[Stored entries]
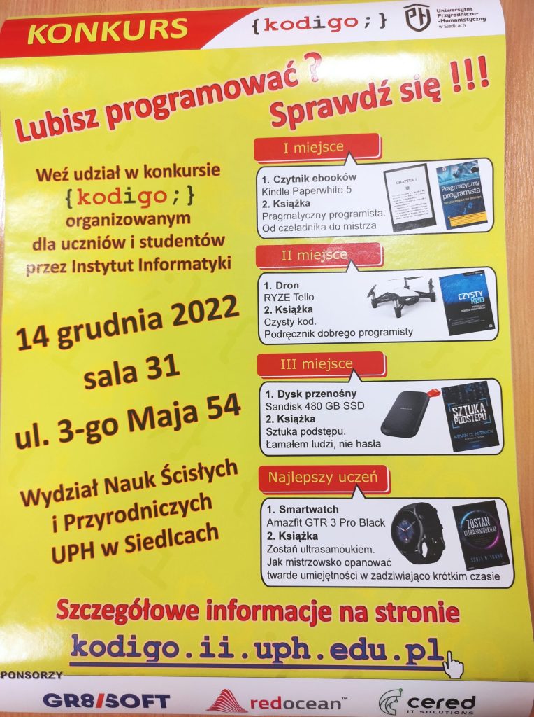 Lubisz programować? Sprawdź się! ? Zachęcamy do udziału w konkursie {kodigo ; }, do wygrania fantastyczne nagrody! Więcej szczegółów na kodigo.ii.uph.edu.pl.
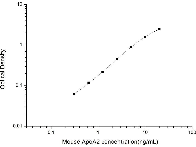 Intra-assay Precision (Precision within an assay): 3 samples with low, mid range and high level Mouse ApoA2 were tested 20 times on one plate, respectively.
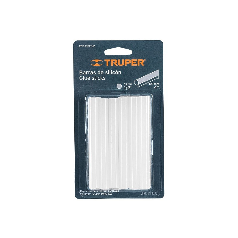 Barra de Silicona 1/2 10cm, Glue Sticks Blister 12pzas, Truper 17538
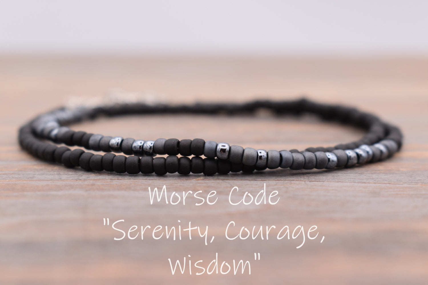 Prayer is the fastest thing on earth. It reaches God before you even say it. That's powerful. This morse code bracelet spells out "Serenity, Courage, Wisdom" with beads. It wraps 2 times around the wrist and is adjustable.
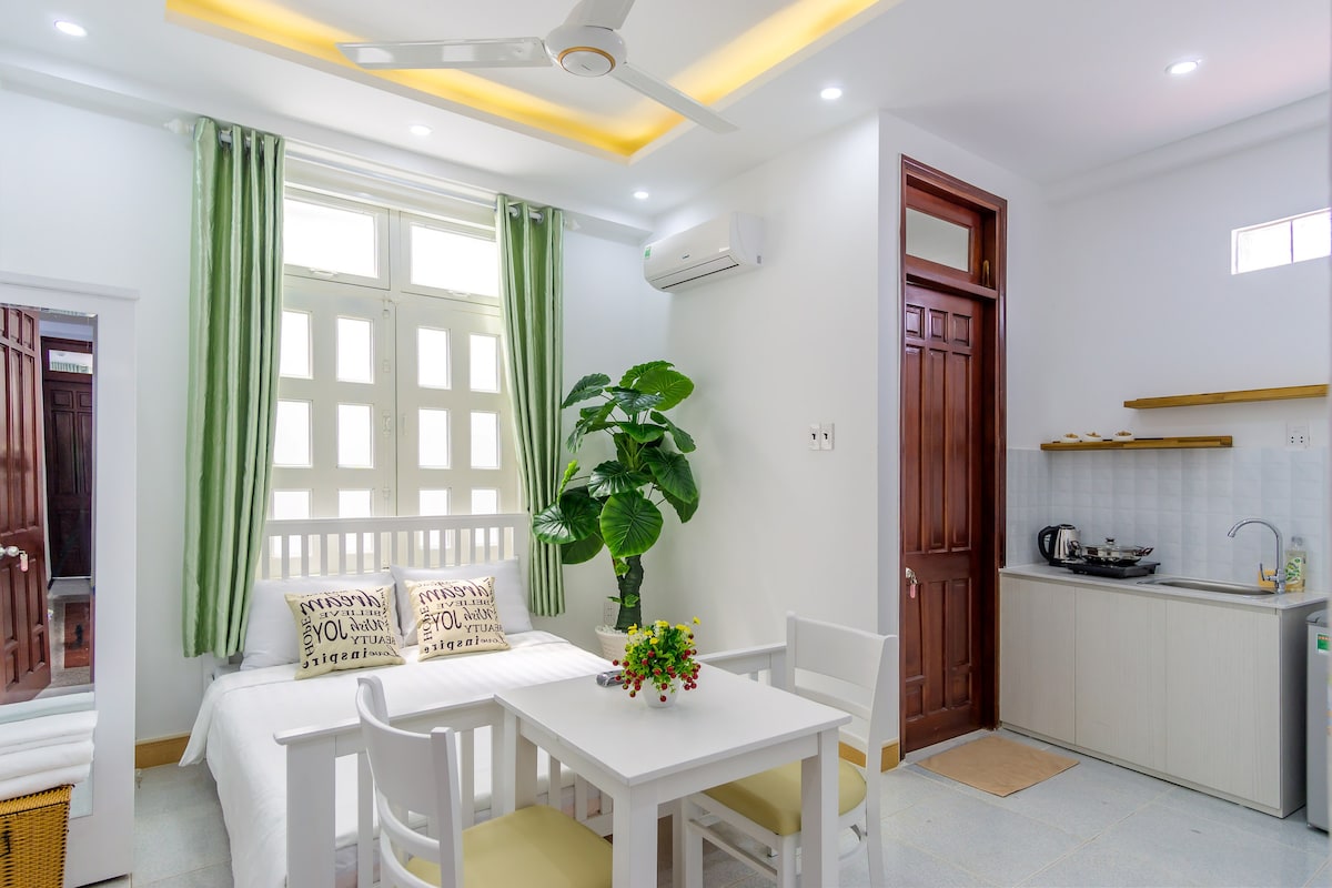 Vietnamese-Mediterranean Studio in central: • 2 km to Tan Son Nhat Airport & Phan Xich Long food street • 3 km to District 1 & major attractions, 4 km to Notre-Dame Cathedral Surrounded by popular Vietnamese eateries • Spacious bed (up to 3 guests) • Modern bathroom with bathtub & toiletries • Parking for cars & motorbikes • Café downstairs & photogenic corners • Projector, water purifier, coffee machine Enjoy thoughtful hospitality blending international touches with classic Vietnamese charm.
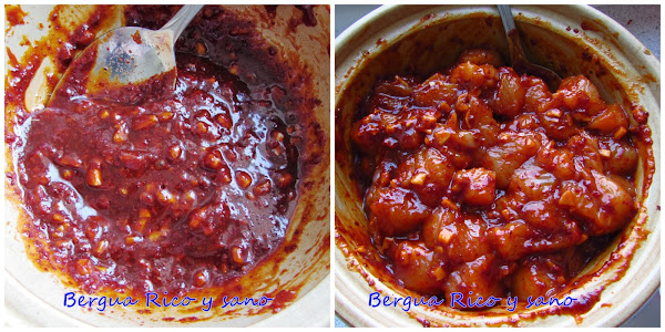 2. Cortamos el pollo en dados y lo impregnamos con la salsa que hemos preparado. Con 2 cucharadas de agua terminamos de limpiar el recipiente de la salsa y lo añadimos al pollo. Reservamos en la nevera durante 10-20 minutos.
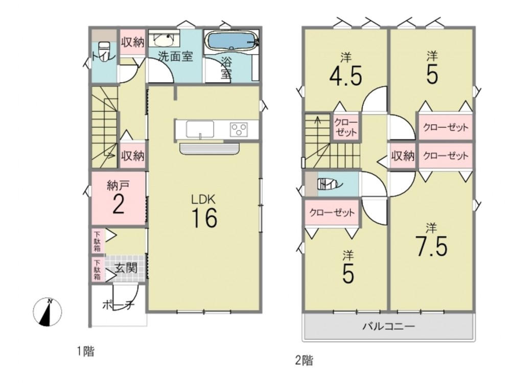 - カウンターキッチン、浴室乾燥機、シャンプードレッサー、浴室1坪以上、ウォシュレット、複層ガラス、モニタ付インターホン、 トイレ2箇所、床下収納、防犯カメラ
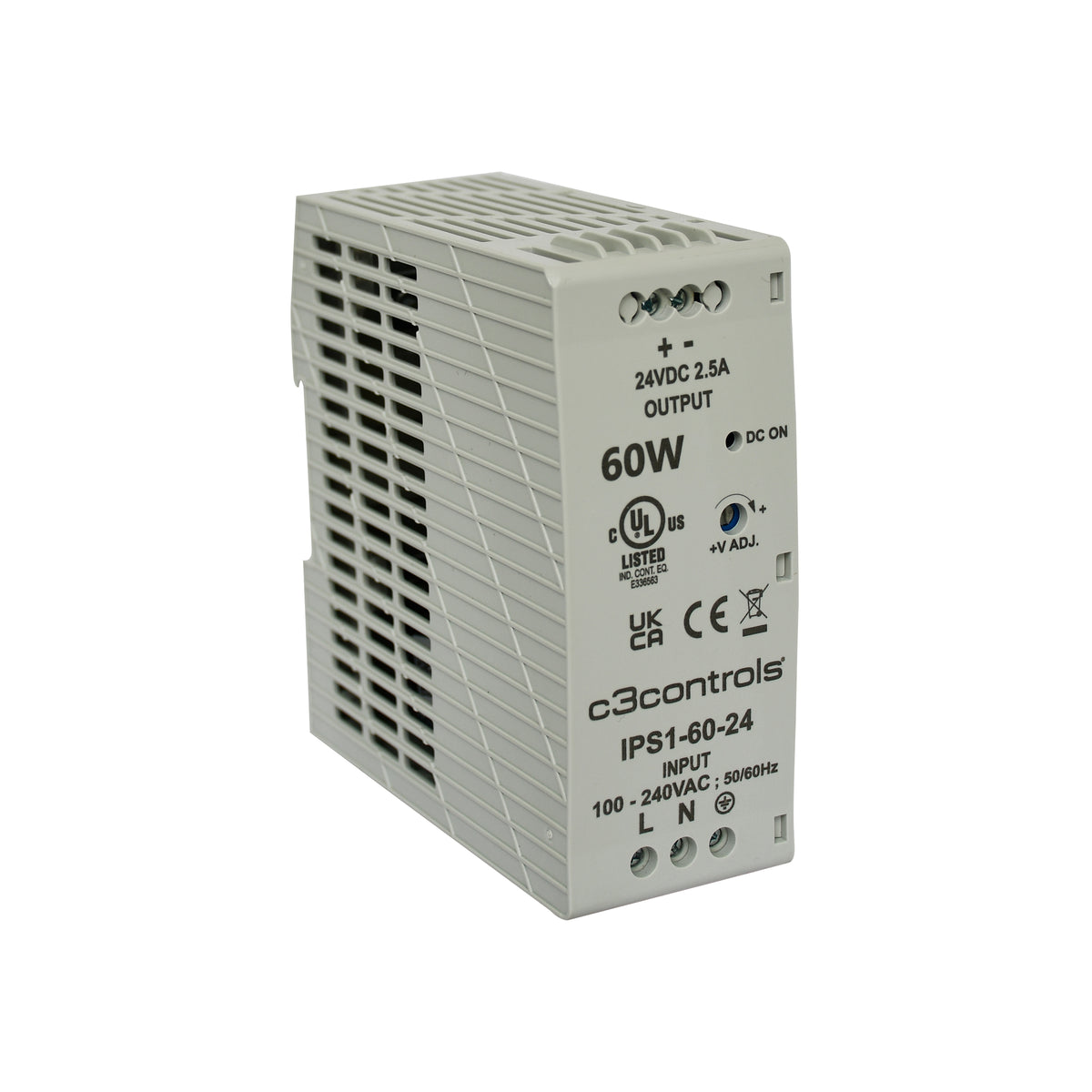 IPS1-60-24 | IPS1-60-24, Series IPS, 60W, 24V/2.5A DIN rail mounted Power Supply, UL Listed | C3 Controls
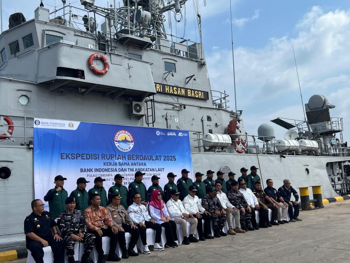 TERASBATAM.ID – Bank Indonesia (BI) bekerja sama dengan TNI Angkatan Laut (AL) meluncurkan Ekspedisi Rupiah Berdaulat 2025 untuk mendistribusikan uang tunai dan mengedukasi masyarakat di pulau-pulau terdepan, terluar, dan terpencil (3T) di Kepulauan Riau (Kepri). Pelepasan KRI Hasan Basri – 382 yang mengangkut uang rupiah dan tim ekpedisi dilakukan di Pelabuhan Bintang 99, Batu Ampar, Batam, Kepulauan Riau, Selasa (22/07/2025).
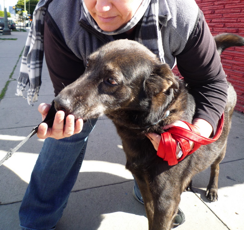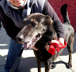 Bella is large and tall and soft and kind, and she looks like a black wolf. There's something uncannily sweet about her - she cuddles up to everyone she meets, her tail sweeping back and forth in gentle happiness. She gives her paw to shake. She sits like a perfect lady, and has excellent manners on a leash. She is wonderful!
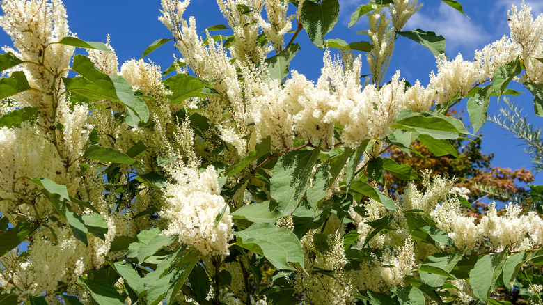 Japanese knotweed (Fallopia japonic) is an extremely prolific plant that grows similarly to bamboo, and much like its woody cousin, Japanese knotweed is incredibly invasive in the U.S. It drains resources away from native plants and easily takes over yards. If planted too near buildings, it's known to grow through cracks in concrete, shooting up through pavement, or even through concrete foundations. Knotweed is so prolific, that some measures of removal, like mowing, actually helps facilitate its spread; trying to get rid of it this way actually stimulates further growth. Thus, avoid introducing new knotweed altogether.

Work request ::
Quote, word for word and nothing more, every line from the line with "IPS1-60-24 | IPS1-60-24, Series" to the end of the entries, including both ends; skip any pictures.

Solution to the exercise ::
 IPS1-60-24 | IPS1-60-24, Series IPS, 60W, 24V/2.5A DIN rail mounted Power Supply, UL Listed | C3 Controls
 TERASBATAM.ID – Bank Indonesia (BI) bekerja sama dengan TNI Angkatan Laut (AL) meluncurkan Ekspedisi Rupiah Berdaulat 2025 untuk mendistribusikan uang tunai dan mengedukasi masyarakat di pulau-pulau terdepan, terluar, dan terpencil (3T) di Kepulauan Riau (Kepri). Pelepasan KRI Hasan Basri – 382 yang mengangkut uang rupiah dan tim ekpedisi dilakukan di Pelabuhan Bintang 99, Batu Ampar, Batam, Kepulauan Riau, Selasa (22/07/2025).
 Bella is large and tall and soft and kind, and she looks like a black wolf. There's something uncannily sweet about her - she cuddles up to everyone she meets, her tail sweeping back and forth in gentle happiness. She gives her paw to shake. She sits like a perfect lady, and has excellent manners on a leash. She is wonderful!
 Japanese knotweed (Fallopia japonic) is an extremely prolific plant that grows similarly to bamboo, and much like its woody cousin, Japanese knotweed is incredibly invasive in the U.S. It drains resources away from native plants and easily takes over yards. If planted too near buildings, it's known to grow through cracks in concrete, shooting up through pavement, or even through concrete foundations. Knotweed is so prolific, that some measures of removal, like mowing, actually helps facilitate its spread; trying to get rid of it this way actually stimulates further growth. Thus, avoid introducing new knotweed altogether.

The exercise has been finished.